Дома он с отвращением, на какое только был способен, рассказал жене об этих троих прохожих, видя опять их у себя перед глазами.

…Трое в кожаных пиджаках, в синих, как подснежные фиалки, джинсах, в ботинках на каблуках. Занятые самими собою, они о чем-то вкрадчиво говорили, внимательно слушая друг друга, что-то обсуждали вполголоса, словно предстояло им совершить дельце, о котором никто, кроме них, не имел права знать. Лица их маслились приятной озабоченностью, и видно было, как уважают друг друга одинаковые эти люди, как понимают и, может быть, даже любят… Из притуманенных взоров, какими обласкивают они друг друга, течет таинственная змеиная сила, и чувствуют они себя в отличие от прочих людей, которые как бы голенькими спешат мимо них, одетыми в латы средневековых рыцарей.

Он шел злой на весь белый свет, и ему, у которого рука затекла от тяжести, казалось, что люди сошли с ума, штампуя себя на автоматическом станке времени…

— Я думаю, знаешь, — говорил он, — есть люди, которые заводят огромных собак. А почему? Потому что они не уверены в себе. Собака как оружие устрашения. Так и эти — кожа, парусина, прочные котурны. А иначе им страшно жить. Понимаешь меня?

…Рассказал жене, но она не поняла его и, облизывая ложку с засахарившимся вареньем, мстительно, как ему почудилось, усмехнулась, сказав, что он просто им позавидовал.

— К тому же, — добавила она, — ты их совсем не знаешь. Может быть, очень хорошие люди, а ты их с грязью смешал.
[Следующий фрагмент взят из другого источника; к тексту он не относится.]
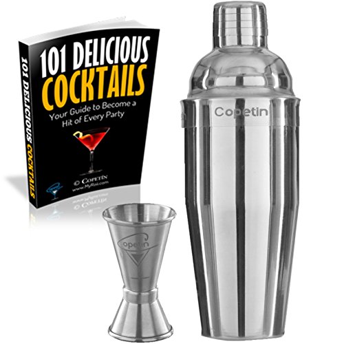 Cocktail Shaker Professional Stainless Steel by Copetín Bundle Set Martini Bar Kit 25oz Shaker & Built-in Strainer w/ BONUS Jigger & 101 Cocktail Recipes eBook
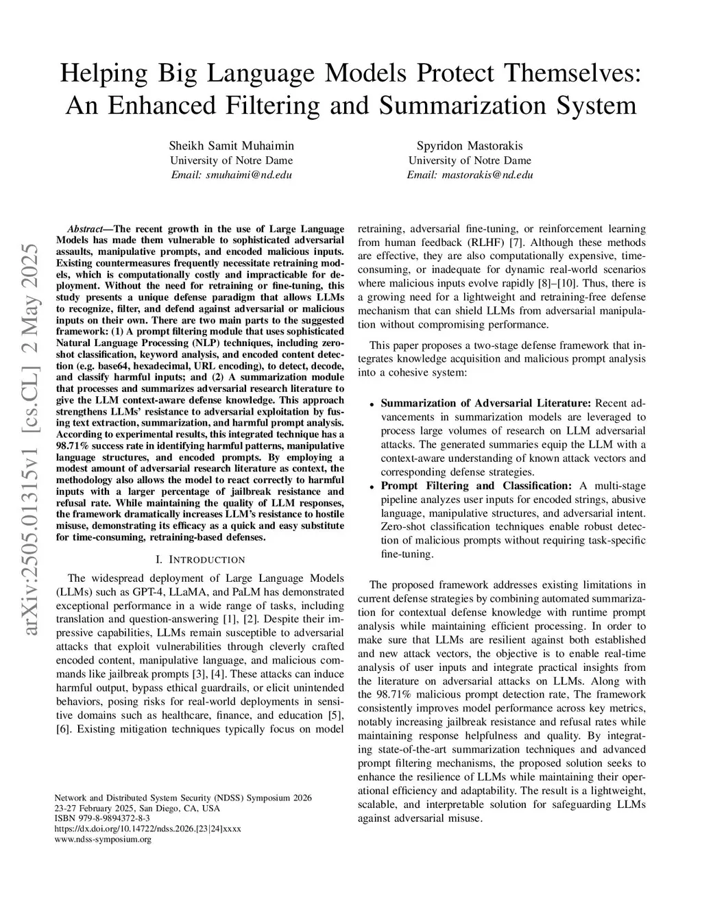 Helping Large Language Models Protect Themselves: An Enhanced Filtering and Summarization System

Как же можно по одежке судить? — И спросила между прочим, зачем он так много купил картошки.

— Я? Ты это серьезно? Подумай, что ты сейчас сказала.

В ответ она засмеялась, не понимая его опять.

— Ты про что?! Ну разве это плохо? — спросила она, не подозревая о страданиях мужа. — Что я сказала? Если бы у тебя был кожаный пиджак и джинсы и эти… как ты говоришь, котурны… Разве плохо? Что ты на меня так смотришь? Разве плохо? Ничего не вижу плохого. И не ври, не ври, не поверю! А зачем ты купил столько лука? Мы его не съедим, и он завянет. Перевод денег.